Close to 500 students get summer jobs at UBC through Work Study and Work Learn Programs
Last year UBC student Alexis Kho spent her summer working at a Dairy Queen and Orange Julius shop in Vancouver. Although she learned a lot from her customer service role, the work wasn’t all that related to her degree or future career plans.
Kho, a student in the Natural Resources Conservation program in the Faculty of Forestry, hopes to help plan environmental reclamation projects when she graduates.
“Finding work relevant to what you’re studying is hard without experience or personal connections,” says Kho.
This summer Kho is the Online Education Assistant at UBC’s Botanical Garden, a job she landed through the Work Study program offered by UBC’s Career Services. In this role Kho will use her background in biology and ecology and will learn how to explain complex information about plants and gardening to the public.
“This job will give me some experience that I think will really help later on,” she says.
Kho is one of about 500 students at UBC who will spend their summer working at the university through the Work Study and Work Learn programs. The programs create jobs on campus by subsidizing the wages of students.
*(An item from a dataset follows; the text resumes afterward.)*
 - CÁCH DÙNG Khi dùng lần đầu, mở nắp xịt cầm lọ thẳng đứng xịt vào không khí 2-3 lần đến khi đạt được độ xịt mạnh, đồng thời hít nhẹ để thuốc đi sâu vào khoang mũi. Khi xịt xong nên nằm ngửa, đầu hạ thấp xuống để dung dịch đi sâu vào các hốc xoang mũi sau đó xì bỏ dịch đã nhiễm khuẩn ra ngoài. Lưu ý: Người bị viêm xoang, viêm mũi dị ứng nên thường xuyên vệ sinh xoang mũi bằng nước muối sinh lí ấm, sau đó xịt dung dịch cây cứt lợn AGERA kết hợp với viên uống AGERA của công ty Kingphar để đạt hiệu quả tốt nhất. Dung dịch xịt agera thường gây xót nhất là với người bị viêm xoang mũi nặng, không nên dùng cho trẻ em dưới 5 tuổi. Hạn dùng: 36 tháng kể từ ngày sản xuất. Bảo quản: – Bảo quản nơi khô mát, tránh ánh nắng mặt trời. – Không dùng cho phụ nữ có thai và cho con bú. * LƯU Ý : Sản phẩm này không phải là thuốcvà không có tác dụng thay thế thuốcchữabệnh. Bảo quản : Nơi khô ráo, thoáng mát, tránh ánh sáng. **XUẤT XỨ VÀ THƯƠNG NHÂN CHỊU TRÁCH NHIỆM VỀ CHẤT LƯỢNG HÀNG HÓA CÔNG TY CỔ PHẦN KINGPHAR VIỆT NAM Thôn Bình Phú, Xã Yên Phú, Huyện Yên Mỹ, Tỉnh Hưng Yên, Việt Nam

Departments or professors hiring students receive $9 an hour to put towards the student’s salary.
“The programs were developed to provide students with some much needed income while they are in school but it also means students are getting involved and contributing to the university’s programs and research,” says Tahirih Walsh, coordinator for the Work Learn program at UBC Career Services.
Work Study and Work Learn are among the largest wage subsidy programs for students in Canada.
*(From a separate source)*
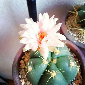 ただいまです♪ ジョイフル本田富里店ガーデンセンターからお迎えしたのは……… ギムノカリキウム属ペンタカンサ、別名「聖王丸」さんです! 大きさは、5cm位です。 帰りのバスで調べたところ、半日陰推奨、水好きだそうで、ウチの窓辺でもいけるのではないかと思います。 大丈夫かな…?(°∀°) この丸いまま、維持できたらいいなぁと思っております (๑•̀ㅂ•́)و✧

“By giving students the option of working at the university, we’re ensuring that their jobs are contributing to their learning experience at UBC,” says Walsh.
Between the Vancouver and Okanagan campuses, more than 3,000 students participate in UBC’s Work Study and Work Learn programs during the summer and school year. Work Study was developed in the 1990s for Canadian or permanent resident students and Work Learn was launched in 2006 to provide additional employment opportunities for international undergraduate students – without the extra hassel of applying for an off-campus work permit.
“Work Study students have to be taking classes to take part in the program but there is a cap on the number of hours students can work each week and many jobs offer flexible work schedules,” says Walsh. “We want students to have a positive experience and we don’t want them sacrificing school for work.”
Kho had hoped to find a co-op position this summer but unfortunately had no luck. She enrolled in two elective classes and looked for other job opportunities.
“I really wanted to spend this summer doing something relevant to what I’m studying,” says Kho, who was impressed by the broad range of positions available through Work Study.
“The programs are a real win-win for the Botanical Garden,” says Daniel Mosquin, research manager at UBC Botanical Garden and Centre for Plant Research and Kho’s supervisor. “We get to employ enthusiastic students who bring energy, skills and fresh perspectives to the Garden and they get an opportunity to work toward their goals and learn from the experience and knowledge of our staff.”
One of Kho’s favourite tasks at the Botanical Gardens is to select a plant to highlight for the Botany Photo of the Day blog. She takes or finds a photo of an interesting plant, researches it and then blogs about it. Kho also manages an online forum where she answers questions from the public about plants and gardening.
“I have to respond right away but I also have to make things simple,” says Kho. “I’ve never been in this type of position and I’m learning new skills and working in a new environment. Without this opportunity I would feel pretty lost.”